With another DataLad command one can even go one step further:
The command :dlcmd:`containers-run` - it will be introduced in
section :ref:`containersrun` - performs a command execution within
a configured containerized environment. Thus, not only inputs,
outputs, command, time, and author, but also the *software environment*
are captured as provenance of a dataset component such as a results file,
and, importantly, can be shared together with the dataset in the
form of a software container.

Tip: Make use of ``datalad run``'s ``--dry-run`` option to craft your run-command, as outlined in :ref:`dryrun`!

With this last principle, your dataset collects and stores provenance
of all the contents you created in the wake of your analysis project.
This established trust in your results, and enables others to understand
where files derive from.

.. _yodaproc:

The YODA procedure
^^^^^^^^^^^^^^^^^^

There is one tool that can make starting a yoda-compliant data analysis
easier: DataLad's ``yoda`` procedure. Just as the ``text2git`` procedure
from section :ref:`createds`, the ``yoda`` procedure can be included in a
:dlcmd:`create` command and will apply useful configurations
to your dataset:

.. code-block:: console

   $ datalad create -c yoda "my_analysis"

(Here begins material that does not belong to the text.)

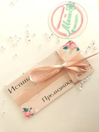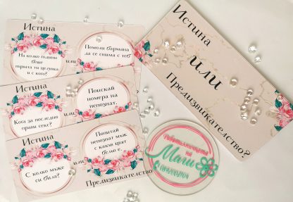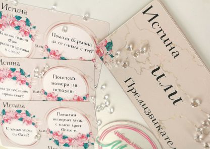 Поради големия интерес Ви представяме нашата нова и забавна игра за моминско парти! Различно предложение, което ще Ви залее със забавни моменти. Моминските партита трябва да бъдат запомнени! Превърнете тази нощ в нещо специално за булката и създайте спомени. С тази игра – скуката не съществува. За една луда вечер, изпълнена със забавления, весели игри и магия. Предизвикайте истински фурор, поднасяйки на бъдещата булка игра, която да даде началото на купона! Усмихнете се и не забравяйте, че веднъж се живее! 😍 Картата изтегли и написаното изпълни, нека всеки миг във вълшебство да превърнеш ТИ.

   [INFO   ] Creating a new annex repo at /home/me/repos/testing/my_analysis
   create(ok): /home/me/repos/testing/my_analysis (dataset)
   [INFO   ] Running procedure cfg_yoda
   [INFO   ] == Command start (output follows) =====
   [INFO   ] == Command exit (modification check follows) =====

Let's take a look at what configurations and changes come with this procedure:

.. code-block:: console

   $ tree -a

   .
   ├── .gitattributes
   ├── CHANGELOG.md
   ├── code
   │   ├── .gitattributes
   │   └── README.md
   └── README.md

Let's take a closer look into the ``.gitattributes`` files:

.. code-block:: console

   $ less .gitattributes

   **/.git* annex.largefiles=nothing
   CHANGELOG.md annex.largefiles=nothing
   README.md annex.largefiles=nothing

   $ less code/.gitattributes

   * annex.largefiles=nothing

Summarizing these two glimpses into the dataset, this configuration has

#. included a code directory in your dataset
#. included three files for human consumption (``README.md``, ``CHANGELOG.md``)
#. configured everything in the ``code/`` directory to be tracked by Git, not git-annex [#f5]_
#. and configured ``README.md`` and ``CHANGELOG.md`` in the root of the dataset to be
   tracked by Git.

Your next data analysis project can thus get a head start with useful configurations
and the start of a comprehensible directory structure by applying the ``yoda`` procedure.

Sources
^^^^^^^
This section is based on a comprehensive
`poster <https://f1000research.com/posters/7-1965>`_ and publicly
available `slides <https://github.com/myyoda/talk-principles>`_ about the
YODA principles.


.. rubric:: Footnotes

.. [#f1] "Why does the acronym contain itself?" you ask confused.
         "That's because it's a `recursive acronym <https://en.wikipedia.org/wiki/Recursive_acronym>`_,
         where the first letter stands recursively for the whole acronym." you get in response.
         "This is a reference to the recursiveness within a DataLad dataset -- all principles
         apply recursively to all the subdatasets a dataset has."
         "And what does all of this have to do with Yoda?" you ask mildly amused.
         "Oh, well. That's just because the DataLad team is full of geeks."

.. [#f2] If you want to learn more about Docker and Singularity, or general information
         about containerized computational environments for reproducible data science,
         check out `this section <https://the-turing-way.netlify.app/reproducible-research/renv/renv-containers.html>`_
         in the wonderful book `The Turing Way <https://the-turing-way.netlify.app>`_,
         a comprehensive guide to reproducible data science, or read about it in
         section :ref:`containersrun`.

.. [#f4] Substitute unfeasible with *wasteful*, *impractical*, or simply *stupid* if preferred.

.. [#f5] To re-read how ``.gitattributes`` work, go back to section :ref:`config`, and to remind yourself
         about how this worked for the ``text2git`` configuration, go back to section :ref:`text2git`.